Minister Stephen Tsang van Openbare Werken en Ruimtelijke Ordening (OWRO) wil zo min mogelijk ambtenaren thuishebben.
Hij zegt dat ambtenaren aan het werk moeten. “Ik wil zo min mogelijk mensen thuis hebben. Als ze moeten komen werken, moeten ze werken”, aldus de bewindsman op vragen van de pers.
Op een vraag over de kritiek op de benoeming van Grasella Jozefzoon tot waarnemend directeur Onderzoek en Dienstverlening op het ministerie van OWRO, gaf de minister aan de sentimenten te begrijpen.
“We komen uit een periode waarin ‘friends and family’ meerdere dubbele functies kregen.

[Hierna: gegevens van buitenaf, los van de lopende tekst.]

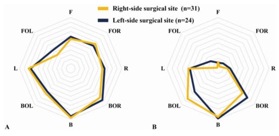 No significant differences were found between the left and right sides in the eight directions (p > 0.05). The mean value difference was the largest in the BOL of the CMSR (Figure 5). In addition, no significant differences were found in any of the FPS variables (p > 0.05) (Table 2).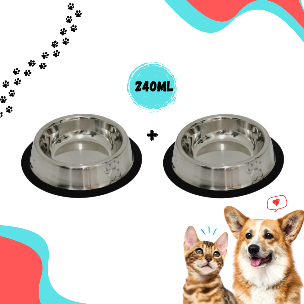kit Comedouro e Bebedouro inox Cachorro Para Cães E Gatos - antiderrapante - 240ml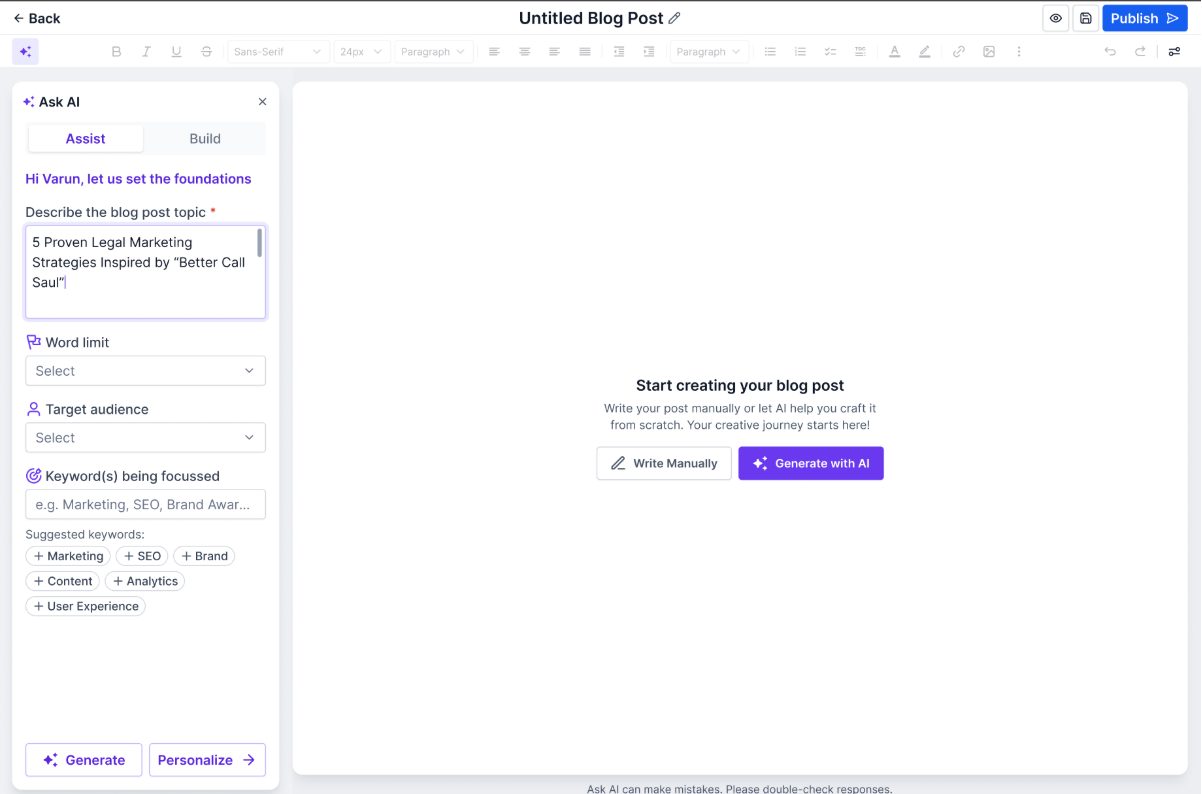 Create SEO-friendly blog posts faster with Blog Post AI. This built-in writing assistant helps you generate, refine, and publish blog content directly inside the Blog Editor, so you can move from idea to draft without switching tools.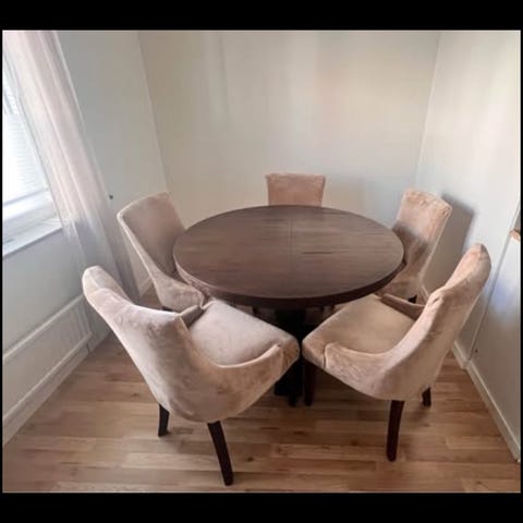 Matgrupp från Mio. Ingår ett bord samt fyra stolar. Bordets mått är 160x100 cm. Finns att hämta i Luthagen Uppsala. Betalning sker via Swish.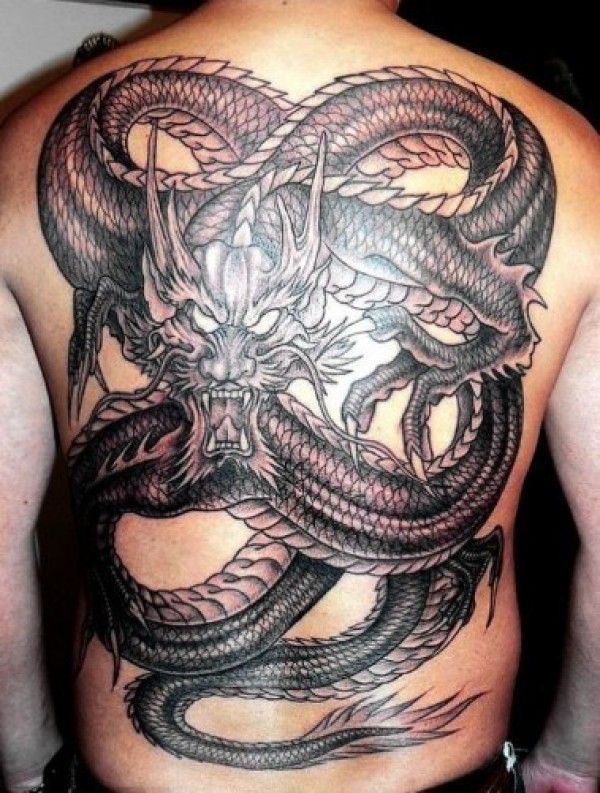 霸气黑龙绕背刺青_后背纹身图案大全_纹身图吧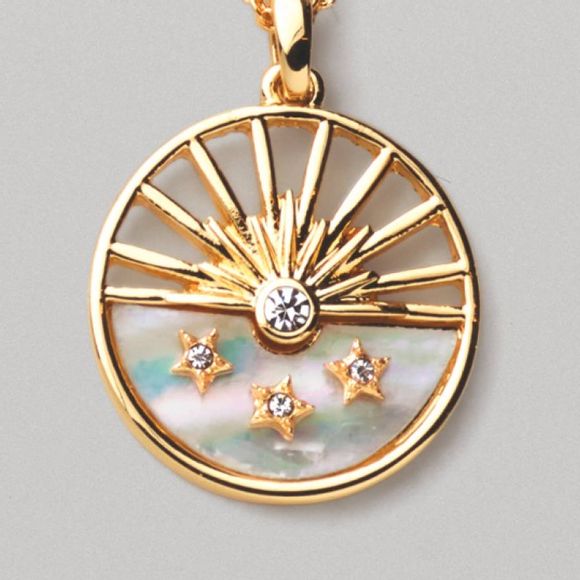 You’ll radiate style in a celestial necklace with a cosmic motif crafted of glowing mother-of-pearl plus sparkling accents set in goldtone.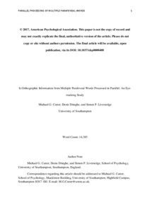 Cutter, Michael, Drieghe, Denis and Liversedge, Simon Paul ORCID: 0000-0002-8579-8546

Wat Jozefzoon betreft: zij was door de vorige minister thuisgezet.
Ze gaf me al die tijd waardevolle adviezen over het ministerie van OW, aangezien zij directeur was van de Wegenautoriteit. Toen de positie vacant was, heb ik haar gevraagd of ze wilde waarnemen, omdat zij voor mij de meest geschikte persoon was”, deelde de bewindsman.
Tsang vindt het jammer dat de benoeming zo breed is uitgemeten. Eerder deze maand werd Jozefzoon door president Simons geïnstalleerd als lid van de Staatsraad.
“Voordat ik haar vroeg om waar te nemen, heb ik contact opgenomen met de Staatsraad en gevraagd of dit haar functioneren zou belemmeren.
“De Staatsraad gaf aan dat nagenoeg alle leden een eigen baan of functie hebben, dus het zou geen probleem moeten vormen.
“Overigens was mevrouw Jozefzoon thuisgezet met behoud van haar salaris. Er zijn dus geen extra salariskosten voor de overheid. Mijn uitgangspunt is dat ik zo min mogelijk mensen thuis wil hebben.”
Ten aanzien van de ontheffing van directeur Indersing Gangabisoensingh van het directoraat Openbaar Groen & Afvalbeheer (OGA), zei Tsang dat de functionaris buiten functie is gesteld naar aanleiding van een brief van de Interne Controle.
“Er werden misstanden geconstateerd bij OGA. Omdat hij de leidinggevende is, heb ik hem gevraagd tijdelijk een stap opzij te zetten, zodat het onderzoek vlot kan verlopen. Voor de duidelijkheid: niemand wordt gecriminaliseerd.
” Ik kan de man niet in functie laten zolang het onderzoek loopt. Ik vraag begrip van de samenleving, want het gaat niet om het criminaliseren van mensen, maar om het belang van het onderzoek”, aldus de bewindsman.